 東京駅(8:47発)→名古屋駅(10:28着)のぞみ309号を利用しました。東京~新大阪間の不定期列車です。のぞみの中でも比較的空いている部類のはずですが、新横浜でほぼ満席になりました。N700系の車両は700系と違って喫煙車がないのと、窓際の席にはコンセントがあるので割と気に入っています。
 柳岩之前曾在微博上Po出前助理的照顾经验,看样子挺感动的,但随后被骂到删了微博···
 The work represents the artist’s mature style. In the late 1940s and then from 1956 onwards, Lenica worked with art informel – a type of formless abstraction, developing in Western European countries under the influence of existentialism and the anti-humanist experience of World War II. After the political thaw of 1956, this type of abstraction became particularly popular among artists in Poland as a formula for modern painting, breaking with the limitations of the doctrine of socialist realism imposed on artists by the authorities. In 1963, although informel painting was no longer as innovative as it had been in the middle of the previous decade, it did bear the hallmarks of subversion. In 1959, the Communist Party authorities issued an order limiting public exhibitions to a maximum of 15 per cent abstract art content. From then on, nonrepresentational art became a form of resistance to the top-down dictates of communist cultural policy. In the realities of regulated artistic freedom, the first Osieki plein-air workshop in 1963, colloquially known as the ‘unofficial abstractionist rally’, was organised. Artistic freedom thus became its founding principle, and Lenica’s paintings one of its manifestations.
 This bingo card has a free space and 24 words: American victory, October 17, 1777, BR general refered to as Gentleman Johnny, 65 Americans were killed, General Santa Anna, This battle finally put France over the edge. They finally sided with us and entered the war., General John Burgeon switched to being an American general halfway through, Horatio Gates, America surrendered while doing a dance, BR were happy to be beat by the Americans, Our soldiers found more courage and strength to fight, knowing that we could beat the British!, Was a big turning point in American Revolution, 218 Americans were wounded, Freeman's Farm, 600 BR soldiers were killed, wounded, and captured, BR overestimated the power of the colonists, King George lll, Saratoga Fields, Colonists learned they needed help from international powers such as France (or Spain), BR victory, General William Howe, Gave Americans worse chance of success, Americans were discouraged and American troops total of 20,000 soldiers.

==

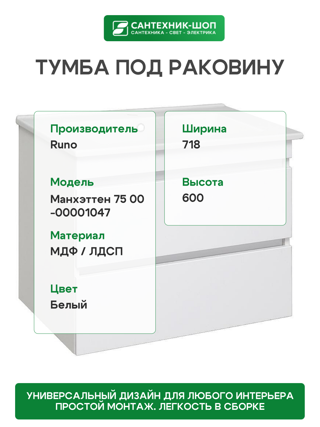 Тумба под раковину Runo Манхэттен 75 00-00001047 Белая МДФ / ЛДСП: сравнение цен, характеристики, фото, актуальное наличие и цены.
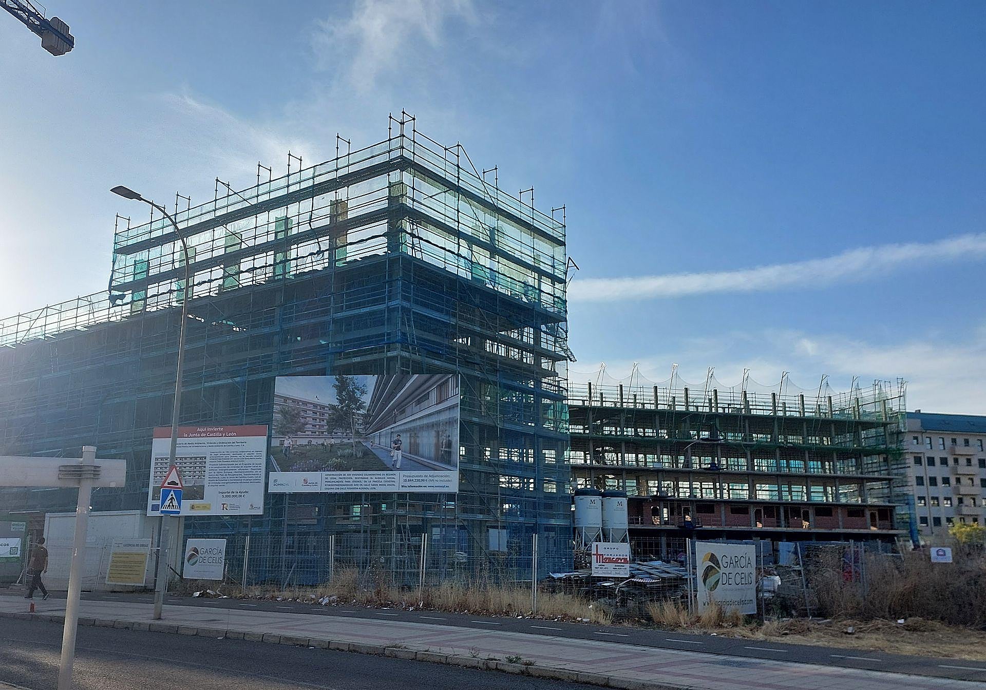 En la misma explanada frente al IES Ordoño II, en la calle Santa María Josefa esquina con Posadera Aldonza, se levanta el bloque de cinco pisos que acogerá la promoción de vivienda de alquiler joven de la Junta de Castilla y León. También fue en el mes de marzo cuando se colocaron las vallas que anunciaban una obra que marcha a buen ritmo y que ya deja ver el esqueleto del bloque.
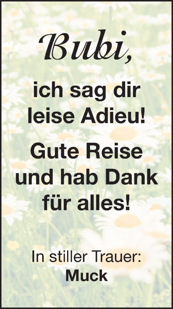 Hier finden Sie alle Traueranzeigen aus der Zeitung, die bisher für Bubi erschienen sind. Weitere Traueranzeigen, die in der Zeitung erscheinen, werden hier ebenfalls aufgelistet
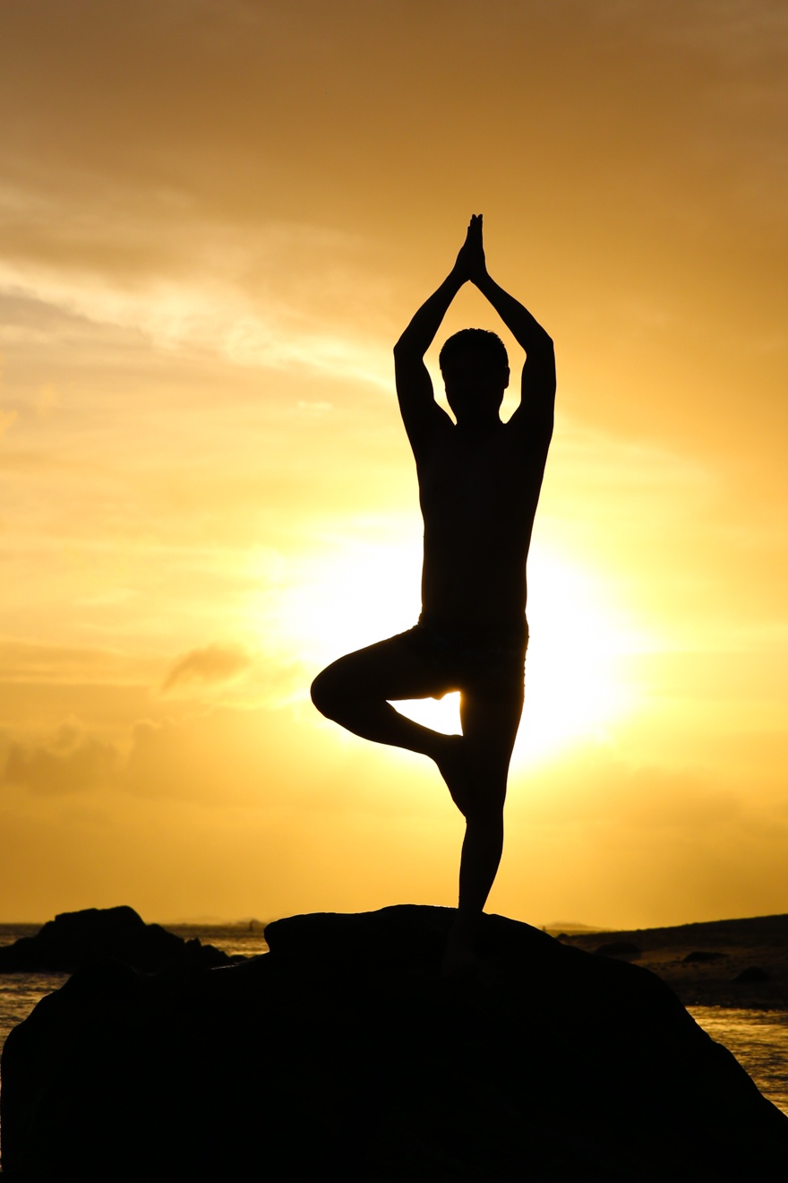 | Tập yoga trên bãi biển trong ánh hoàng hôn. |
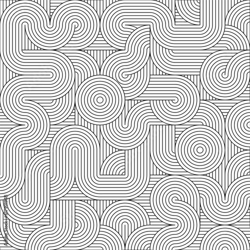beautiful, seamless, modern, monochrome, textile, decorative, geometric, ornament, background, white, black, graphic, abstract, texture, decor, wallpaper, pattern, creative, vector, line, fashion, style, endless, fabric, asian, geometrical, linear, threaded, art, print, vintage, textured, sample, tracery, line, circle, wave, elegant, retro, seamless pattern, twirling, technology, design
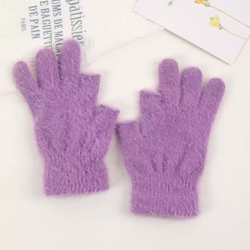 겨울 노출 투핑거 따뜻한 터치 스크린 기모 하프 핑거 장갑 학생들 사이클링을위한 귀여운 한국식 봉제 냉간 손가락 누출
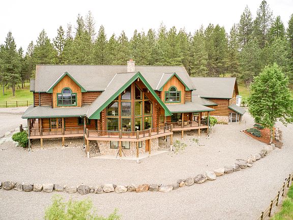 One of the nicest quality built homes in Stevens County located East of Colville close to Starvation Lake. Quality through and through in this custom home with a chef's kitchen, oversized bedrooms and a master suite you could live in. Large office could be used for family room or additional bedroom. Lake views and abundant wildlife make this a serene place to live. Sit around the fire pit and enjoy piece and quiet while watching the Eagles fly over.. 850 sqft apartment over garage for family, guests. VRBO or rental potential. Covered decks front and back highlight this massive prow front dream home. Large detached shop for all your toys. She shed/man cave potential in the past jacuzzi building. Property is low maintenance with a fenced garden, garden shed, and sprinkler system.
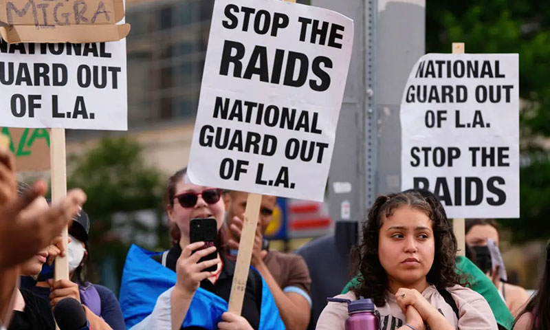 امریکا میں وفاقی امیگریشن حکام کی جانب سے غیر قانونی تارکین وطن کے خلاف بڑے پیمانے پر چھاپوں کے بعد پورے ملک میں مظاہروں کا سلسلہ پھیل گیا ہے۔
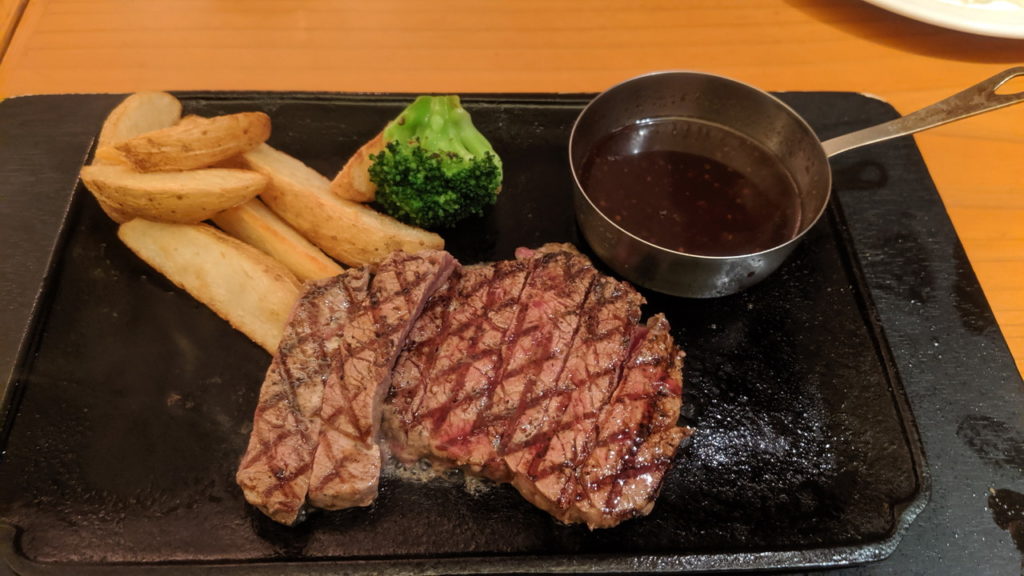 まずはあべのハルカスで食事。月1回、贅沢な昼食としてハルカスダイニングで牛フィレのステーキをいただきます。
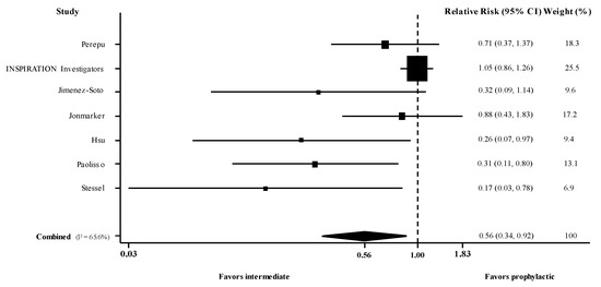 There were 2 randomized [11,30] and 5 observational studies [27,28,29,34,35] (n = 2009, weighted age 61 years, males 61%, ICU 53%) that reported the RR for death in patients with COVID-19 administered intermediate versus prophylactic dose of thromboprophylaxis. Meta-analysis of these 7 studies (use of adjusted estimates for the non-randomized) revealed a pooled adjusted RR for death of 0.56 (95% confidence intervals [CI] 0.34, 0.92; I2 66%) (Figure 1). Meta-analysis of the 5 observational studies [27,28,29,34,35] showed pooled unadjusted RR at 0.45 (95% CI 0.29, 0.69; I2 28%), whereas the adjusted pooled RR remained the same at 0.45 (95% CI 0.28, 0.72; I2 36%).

Task to complete: For this exercise, return exactly the lines above from the line with "Тумба под раковину" through the line with "겨울 노출 투핑거 따뜻한", both included. Do not copy the pictures.

Task output:
 Тумба под раковину Runo Манхэттен 75 00-00001047 Белая МДФ / ЛДСП: сравнение цен, характеристики, фото, актуальное наличие и цены.
 En la misma explanada frente al IES Ordoño II, en la calle Santa María Josefa esquina con Posadera Aldonza, se levanta el bloque de cinco pisos que acogerá la promoción de vivienda de alquiler joven de la Junta de Castilla y León. También fue en el mes de marzo cuando se colocaron las vallas que anunciaban una obra que marcha a buen ritmo y que ya deja ver el esqueleto del bloque.
 Hier finden Sie alle Traueranzeigen aus der Zeitung, die bisher für Bubi erschienen sind. Weitere Traueranzeigen, die in der Zeitung erscheinen, werden hier ebenfalls aufgelistet
 | Tập yoga trên bãi biển trong ánh hoàng hôn. |
beautiful, seamless, modern, monochrome, textile, decorative, geometric, ornament, background, white, black, graphic, abstract, texture, decor, wallpaper, pattern, creative, vector, line, fashion, style, endless, fabric, asian, geometrical, linear, threaded, art, print, vintage, textured, sample, tracery, line, circle, wave, elegant, retro, seamless pattern, twirling, technology, design
 겨울 노출 투핑거 따뜻한 터치 스크린 기모 하프 핑거 장갑 학생들 사이클링을위한 귀여운 한국식 봉제 냉간 손가락 누출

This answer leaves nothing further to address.